The first step is to add a max_bytes setting to our resources' context string. Just for demonstration purposes we will set the max_bytes to 500 bytes.
iadmin modresc context Resource1Resource "max_bytes=500"
iadmin modresc context Resource2Resource "max_bytes=500"
We will not enforce this max_bytes setting in our example as we are concerned with the monitoring aspects. Refer to the information in Composable Resources for information on how to get started with enforcing the max_bytes setting.
Next we need to update our configuration to create a service to monitor
the bytes. Update /etc/nagios3/irods/irods.cfg
and append the
following to the bottom of this file:
define command {
command_name check-resource-use
command_line /usr/lib/nagios/plugins/check_resource_use.sh $HOSTALIAS$ $ARG1$ $ARG2$
}
define service {
use generic-service
hostgroups irods-resource-servers
service_description check-resource-use
check_command check-resource-use!90.0!95.0
check_interval 1
}
We have added a new command called check-resource-use. This command will
execute the check_resource_use.sh
script (not yet defined) and send
the host alias as the first argument. We have already set the host alias
to the resource name for the resource on that host. The next two
arguments are warning and critical thresholds as percentages of the
max_bytes setting.
We then defined a service that will execute this command. The service runs against all servers in the irods-resource-server group, executes the check-resource-use command.
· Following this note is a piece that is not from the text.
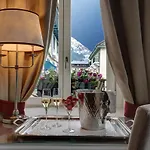 The smoke-free Grand Hotel Des Alpes offers 32 rooms with a mini-fridge-bar, coffee and tea making equipment, and such modern conveniences as high-speed internet and a flat-screen TV with satellite channels. Bedrooms come with extra-long beds. Additionally, most rooms look out onto Mont Blanc.

We have hardcoded the warning level to 90.0% and critical level to 95.0%
Notes:
In this example we have a single resource for each server. If you had multiple resources you could create a separate host for each resource with an alias that matches the resource name, create a hostgroup for all of the resources, and add this new hostgroup to the check-resource-use service.
We have set the check_interval to 1 (minute) for the check-resource-use service. In a real world scenario it may be more appropriate to do this once an hour (60) or maybe even once a day (1440).
Now we just need to create the check_resource_use.sh
script. This
script is provided below.
#!/bin/bash
export HOME=/var/lib/nagios
STATE_OK=0
STATE_WARNING=1
STATE_CRITICAL=2
STATE_UNKNOWN=3
if [ $# -lt 3 ]; then
echo "Use: check_resource_use.sh "
exit $STATE_UNKNOWN
fi
max_bytes=0
percent_used=0
warning_level=$2
critical_level=$3
if ! [[ $warning_level =~ ^[0-9]+([.][0-9]+)?$ ]]; then
echo "Warning level provided is not a valid number."
exit $STATE_UNKNOWN
fi
if ! [[ $critical_level =~ ^[0-9]+([.][0-9]+)?$ ]]; then
echo "Critical level provided is not a valid number."
exit $STATE_UNKNOWN
fi
context=$(iquest "%s" "select RESC_CONTEXT where RESC_NAME = '$1'")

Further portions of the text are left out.